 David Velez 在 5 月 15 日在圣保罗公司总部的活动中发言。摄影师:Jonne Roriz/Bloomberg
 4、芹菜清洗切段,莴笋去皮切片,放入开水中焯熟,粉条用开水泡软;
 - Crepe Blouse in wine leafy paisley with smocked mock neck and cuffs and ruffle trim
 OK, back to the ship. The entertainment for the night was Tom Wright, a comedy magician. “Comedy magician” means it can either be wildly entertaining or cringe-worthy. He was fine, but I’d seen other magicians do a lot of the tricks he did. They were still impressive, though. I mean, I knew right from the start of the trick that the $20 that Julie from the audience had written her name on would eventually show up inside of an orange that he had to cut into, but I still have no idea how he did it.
■ ■ ■ ■ ■ ■ ■
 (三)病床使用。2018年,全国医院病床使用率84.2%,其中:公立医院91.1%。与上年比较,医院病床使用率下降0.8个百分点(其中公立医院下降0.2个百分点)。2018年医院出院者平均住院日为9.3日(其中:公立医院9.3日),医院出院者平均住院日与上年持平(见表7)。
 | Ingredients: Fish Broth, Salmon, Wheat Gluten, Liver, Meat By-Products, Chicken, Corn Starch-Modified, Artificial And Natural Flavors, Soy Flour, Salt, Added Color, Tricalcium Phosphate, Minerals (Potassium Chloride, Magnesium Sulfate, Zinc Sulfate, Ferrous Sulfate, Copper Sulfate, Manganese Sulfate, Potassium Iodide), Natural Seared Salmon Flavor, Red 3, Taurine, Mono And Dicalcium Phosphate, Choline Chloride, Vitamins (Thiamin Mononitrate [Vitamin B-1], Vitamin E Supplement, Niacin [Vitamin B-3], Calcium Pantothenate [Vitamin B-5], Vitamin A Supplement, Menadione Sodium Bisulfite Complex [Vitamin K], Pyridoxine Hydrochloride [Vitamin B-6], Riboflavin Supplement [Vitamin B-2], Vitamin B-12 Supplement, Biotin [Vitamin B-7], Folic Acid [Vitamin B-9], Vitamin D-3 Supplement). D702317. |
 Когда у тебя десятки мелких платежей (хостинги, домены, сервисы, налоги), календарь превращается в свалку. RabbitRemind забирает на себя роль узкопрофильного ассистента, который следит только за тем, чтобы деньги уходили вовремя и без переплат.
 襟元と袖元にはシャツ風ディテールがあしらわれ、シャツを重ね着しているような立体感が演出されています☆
■ ■ ■ ■ ■ ■ ■
** Problem to work on **
Would you output, from the records above, exactly the run of lines that starts at the line containing "David Velez 在" and ends at the line containing "- Crepe Blouse", and only that run?

** Output of the exercise **
 David Velez 在 5 月 15 日在圣保罗公司总部的活动中发言。摄影师:Jonne Roriz/Bloomberg
 4、芹菜清洗切段,莴笋去皮切片,放入开水中焯熟,粉条用开水泡软;
 - Crepe Blouse in wine leafy paisley with smocked mock neck and cuffs and ruffle trim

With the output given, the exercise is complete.